Austin Orthop.2018; 3(2): 1014.
Department of Orthopedic Trauma Surgery, Shonan Kamakura General Hospital, Kanagawa, Japan
*Corresponding author: Naoki Yoshida, Department of Orthopedic Trauma Surgery, Shonan Kamakura General Hospital, Kanagawa, Japan
Received: November 06, 2018; Accepted: November 13, 2018; Published: November 20, 2018
A 12-year-old man presented to the emergency department with pain in the right groin, sustained when he kicked a soccer ball. Even though he reported experiencing pain, he could walk unassisted. Radiographic examination revealed an avulsion fracture of the right anterior inferior iliac spine (AIIS) with almost no displacement (Figure 1). He was conservatively treated with analgesics, activity limitation, and partial weight bearing using crutches for four weeks. On follow-up, he reported no pain and a complete range of motion without complications.

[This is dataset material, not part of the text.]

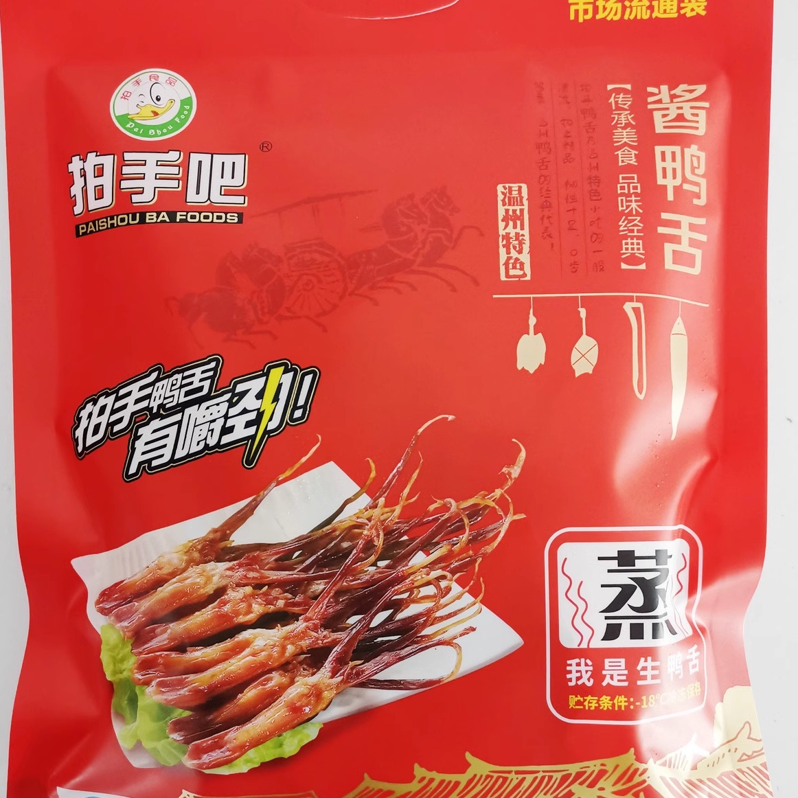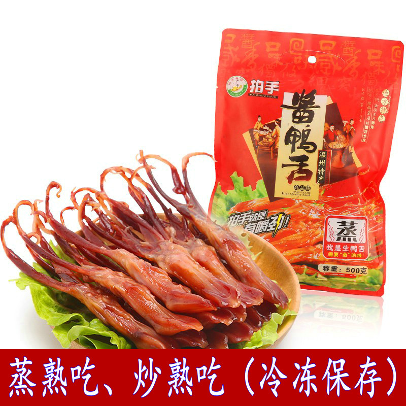 您的位置:他他商城  >   >  温州特产酱鸭舌大条拍手生鸭舌头含袋500g酒席冷盘小吃下酒菜年货

The AIIS is attached to the straight head of the rectus femoris muscle. AIIS avulsion fractures rarely occur in adolescent athletes during sudden, strong contraction of the muscle attached to growth cartilage . AIIS avulsion fractures are caused by the sudden forceful contraction of the muscle while the hip is hyperextended and the knee is flexed. These fractures are usually noted in player after sports that involve mostly forceful kicking or running, such as soccer, rugby, and tennis . AIIS avulsion fractures occur less frequently than other pelvic avulsion fractures, with an incidence rate between 14.8% and 22.1% .

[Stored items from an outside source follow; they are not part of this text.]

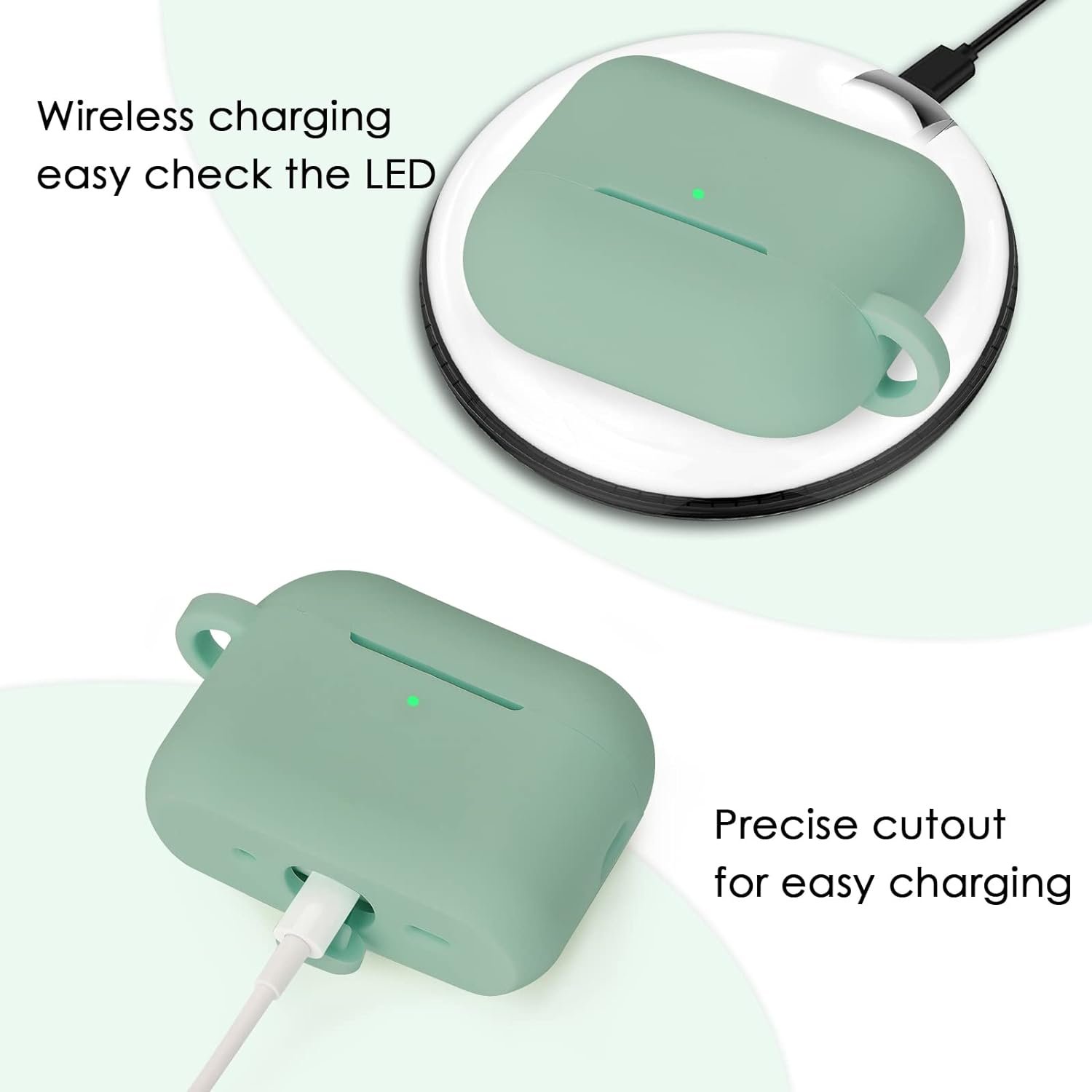 Wireless charging – Support convenient wireless charging, front led light visible. The bottom opening port design supports regular charging without remove the air pod pro case.
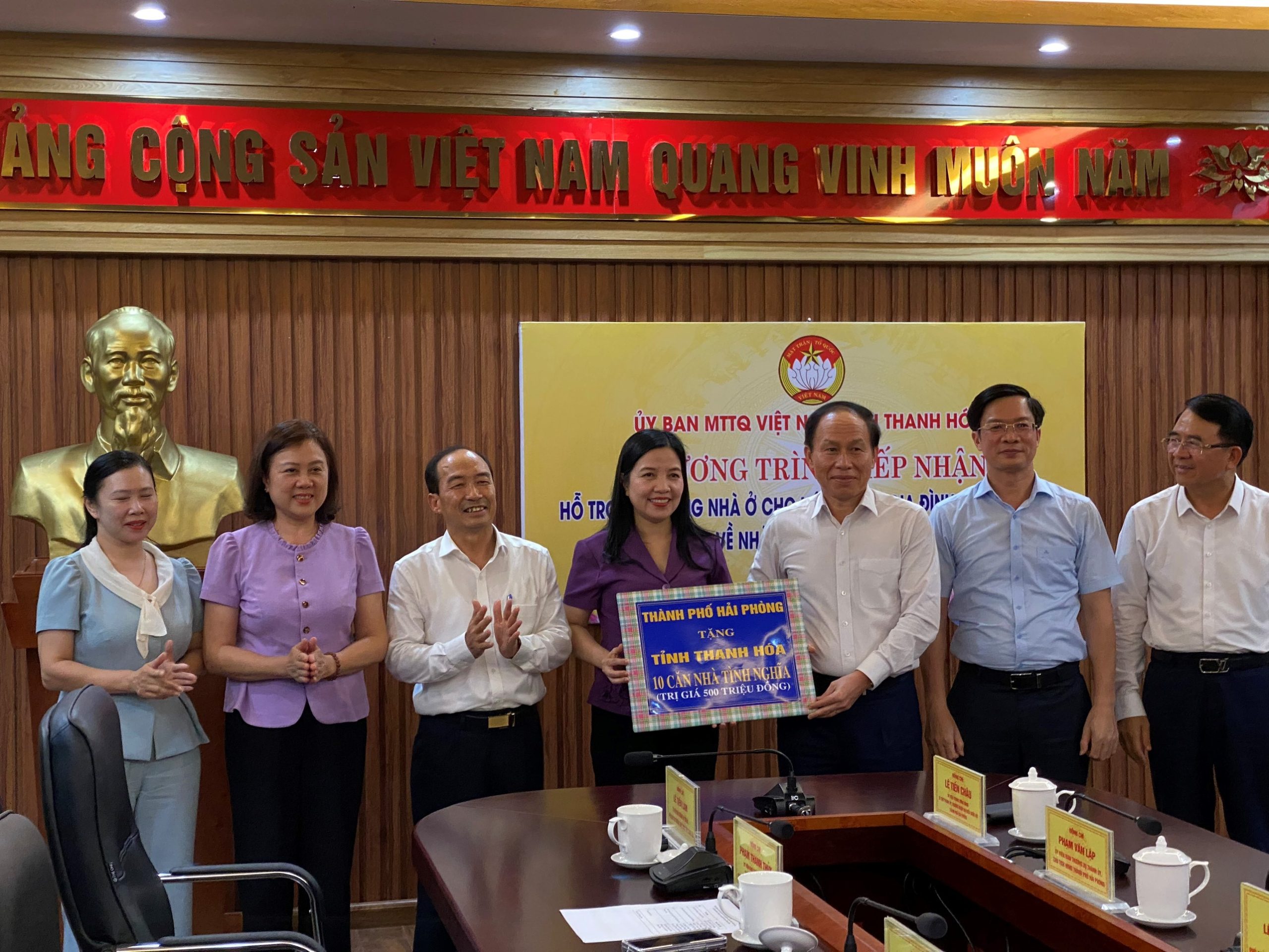 Nhân dịp này, thành phố Hải Phòng tặng tỉnh Thanh Hóa 10 căn nhà “Tình nghĩa” với tổng trị giá 500 triệu đồng, góp phần hỗ trợ địa phương thực hiện tốt chương trình xóa nghèo./.
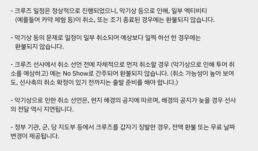 | 크루즈 일정 도중 취소 시 | 제공된 서비스(차량, 중식, 입장료) 공제 후 환불 |
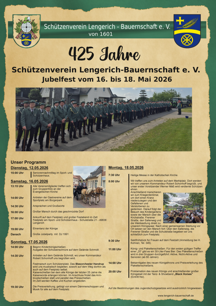 Die Pflege von Tradition und Brauchtum gehört seit jeher zum Selbstverständnis des Schützenvereins Lengerich Bauernschaft. Dazu zählt auch der sorgsame Umgang mit den Symbolen des Vereins. Eine besondere Rolle nimmt dabei die Vereinsfahne ein. Sie begleitet den Verein bei zahlreichen Anlässen, führt die Schützen bei Umzügen an und ist über viele Jahre hinweg sichtbares Zeichen der Gemeinschaft.

These injuries can be easily misdiagnosed as simple strains and late diagnosis may cause chronic pain with decreased sports performance. The majority of these fractures heal adequately with conservative treatment. However, some patients benefit from surgical treatment, especially those with fragment displacements greater than 15mm and high functional demands .
Figure 1: Radiographic examination revealed an avulsion fracture of the right anterior inferior iliac spine (AIIS) with almost no displacement.